D. Late stage temperature control and reduction [ FeO]Grade of vanadium-retaining slag: after vanadium is extracted by secondary oxygen supply, the lance position is reduced to 400mm for blowing for 10 seconds (the oxygen supply time is adjusted according to the temperature condition in the furnace), and the phenomenon that carbon-oxygen reaction in a molten pool explodes to form slag (V)2O5) Reducing into molten pool, operating at low lance position while reducing FeO in slag]Then, the gun is lifted and the furnace is turned over to measure the temperature, and the end temperature is 1379 ℃.
E. And (6) deslagging. And in the semi-steel discharging process, a hot slag sample is taken at the back of the furnace for analysis, and then the vanadium slag is poured into a special slag basin. Slag sampling: grade of vanadium slag (V)2O5) 9.72% in Slag (SiO)2)11.3%。
Application example 3
A. Proportioning molten iron and scrap steel: 51.2t of molten iron (chemical components C4.50 wt%, Si 0.61wt%, V0.25 wt%, Mn0.49wt%, P0.063wt%, S0.030wt%, and the balance Fe and inevitable impurities) and 3.6t of scrap steel (chemical components C0.40wt%, Si 0.21wt%, Mn 0.59wt%, P0.055wt%, S0.029 wt%, and the balance Fe and inevitable impurities) were charged into an LD converter, and the charging ratio of the scrap steel in the converter was adjusted to 6.6% according to the temperature of the molten iron (1200 ℃).
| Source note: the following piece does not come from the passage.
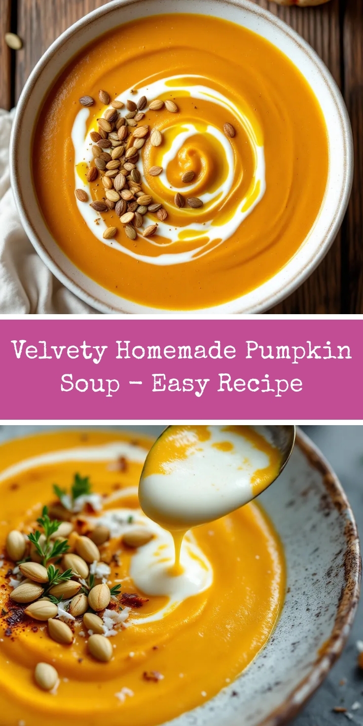 Enhance your velvety homemade pumpkin soup 🎃🍲 with a swirl of coconut milk or cream, a dash of maple syrup for sweetness, or a sprinkle of toasted pumpkin seeds and croutons for crunch. A pinch of smoked paprika or nutmeg also adds wonderful depth.

B. Primary oxygen supply, silicon removal and slag removal: oxygen blowing smelting in a converter with oxygen supply flow of 7500m3Controlling the lance position to be 1500mm, blowing oxygen for smelting for 2.5 minutes, utilizing the inhibition oxidation effect of the initial molten iron silicon height on the molten iron vanadium, and increasing the lance position to improve [ FeO ] in the furnace]The content of [ FeO ] is fully utilized]And the dynamic and thermodynamic conditions of oxygen jet direct oxygen transfer, preferentially oxidizing to remove [ Si ] in the molten iron]Then, the lance position is lowered to 450mm, blowing is continued for 21 seconds, and then the lance is lifted out to pour out the initial high Silicon (SiO)2) Slag, low lance position strengthening desiliconization and reducing FeO in slag]And iron loss is reduced.
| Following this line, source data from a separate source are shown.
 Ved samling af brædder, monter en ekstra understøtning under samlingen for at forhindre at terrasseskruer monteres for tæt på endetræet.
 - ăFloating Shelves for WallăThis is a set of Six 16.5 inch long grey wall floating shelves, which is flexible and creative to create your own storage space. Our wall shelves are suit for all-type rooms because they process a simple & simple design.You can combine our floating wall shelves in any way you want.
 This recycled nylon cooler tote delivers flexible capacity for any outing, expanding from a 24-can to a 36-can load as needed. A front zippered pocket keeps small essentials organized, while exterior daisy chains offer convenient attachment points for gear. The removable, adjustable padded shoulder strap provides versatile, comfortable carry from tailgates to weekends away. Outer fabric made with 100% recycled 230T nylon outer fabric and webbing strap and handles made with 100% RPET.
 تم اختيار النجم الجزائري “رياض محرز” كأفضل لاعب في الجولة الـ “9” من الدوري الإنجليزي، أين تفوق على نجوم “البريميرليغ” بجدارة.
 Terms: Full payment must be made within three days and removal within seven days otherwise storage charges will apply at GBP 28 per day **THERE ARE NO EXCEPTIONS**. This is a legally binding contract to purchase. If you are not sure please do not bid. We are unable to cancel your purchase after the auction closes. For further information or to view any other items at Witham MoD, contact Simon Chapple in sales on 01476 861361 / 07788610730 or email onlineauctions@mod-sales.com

C. Secondary oxygen supply and vanadium extraction: after pouring out the initial high silicon slag, the converter is rotated to control the lance position to be 1200mm and the oxygen supply flow to be 7000m3Continuously supplying oxygen for blowing for 2.0 minutes per hour, controlling the lance position to be 900-1200 mm, and controlling the lance position in a high-medium-low mode to ensure that a certain amount of FeO is in the furnace]And (4) content. With the gradual rise of the temperature of the molten pool, V in the molten iron]The oxidation speed is gradually accelerated, cooling balls are added in 3 batches for 2.5t according to the temperature condition in the furnace, the temperature is controlled and the blowing is stably carried out, the temperature is prevented from rising too fast, the temperature in the furnace is controlled to be 1300-1350 ℃, so that the [ V ] in a molten pool is prolonged]And the oxidation time is sufficient to reduce the residual vanadium in the semisteel.
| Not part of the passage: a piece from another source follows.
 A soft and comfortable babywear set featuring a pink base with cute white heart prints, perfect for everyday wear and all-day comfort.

D. Late stage temperature control and reduction [ FeO]Grade of vanadium-retaining slag: after secondary oxygen supply and vanadium extractionReducing the lance position to 600mm for blowing for 49 seconds (adjusting oxygen supply time according to the temperature condition in the furnace), and preventing the carbon-oxygen reaction in the molten pool from exploding to form slag (V)2O5) Reducing into molten pool, operating at low lance position while reducing FeO in slag]Then, the gun is lifted and the furnace is turned over to measure the temperature, and the end temperature is 1376 ℃.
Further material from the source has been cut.